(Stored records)
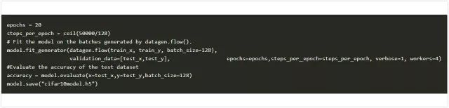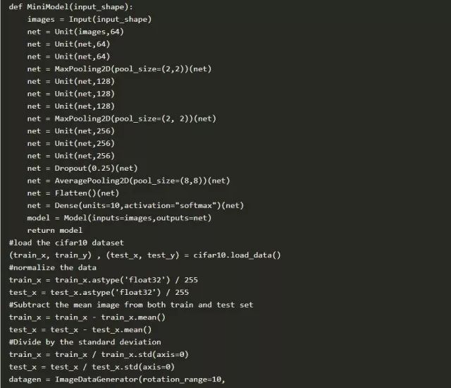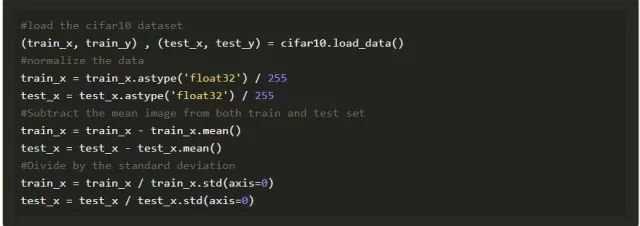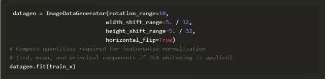 在上面的代码中,加载训练和测试数据后,我们从每幅图像中减去平均图像并除以标准偏差,这是一种基本的数据增加技术。对于更先进的数据增强,我们的图像加载过程会略有改变,Keras有一个非常有用的数据增强程序,可以简化整个过程。
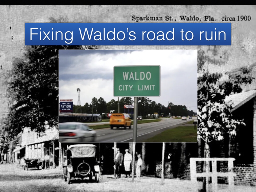 After being all but destroyed by the autoAmerican imperative of traffic flow first and above all other priorities, Waldo could sorely use a little FDOT break right about now.
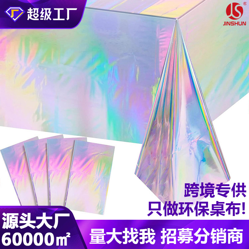 カスタマイズされた使い捨てテーブルクロスクロスボーダーレーザーレインボーテーマパーティーテーブルクロスアルミフィルム誕生日ウェディングパーティーの装飾
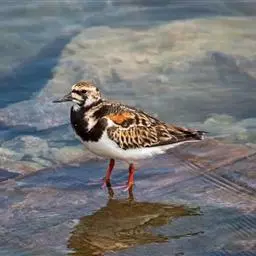 翻石鹬:体重82-135克,体长180-240毫米。体型高矮兼称,看起来十分的滑稽。…
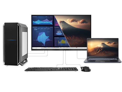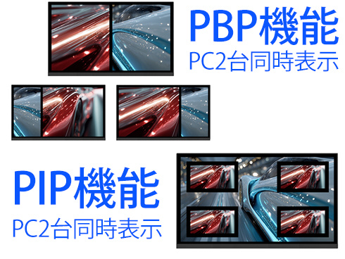 ■複数の入力映像を同時に表示するPIP(Picture In Picture)とPBP(Picture By Picture)に対応、PIPではもう一つの入力画面を子画面(左上/右上/左下/右下から選択)で同時表示が可能。PBPでは2つの入力を左右に同時表示することが可能です。また、KVM機能に対応し、モニターに接続したキーボード、マウスをデスクトップPCやUSB Type-C接続のノートPCで入力を切り替えた際にもそのまま使用可能です。
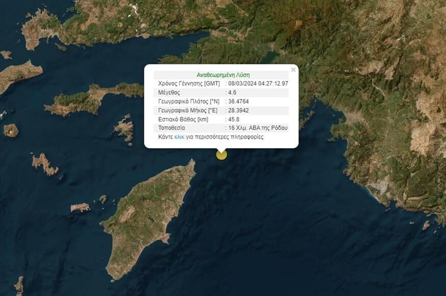 Διαβάζετε: Σεισμός 4,6 Ρίχτερ στη Ρόδο
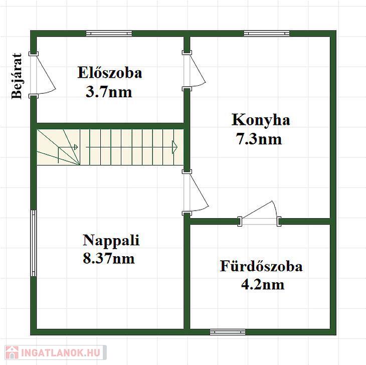Alsó szint: előszoba, nappali, konyha, fürdőszoba
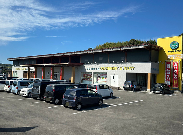スマスロやボーナスタイプなど、多彩な機種が楽しまれていた「夢屋天草店」。

== TRY IT ==
Every line from the one holding "Διαβάζετε: Σεισμός 4,6 Ρίχτερ στη Ρόδο" through the final line of the data above is to be reproduced exactly, both ends included, with the pictures left out.

== RESULT OF THIS EXERCISE ==
 Διαβάζετε: Σεισμός 4,6 Ρίχτερ στη Ρόδο
Alsó szint: előszoba, nappali, konyha, fürdőszoba
スマスロやボーナスタイプなど、多彩な機種が楽しまれていた「夢屋天草店」。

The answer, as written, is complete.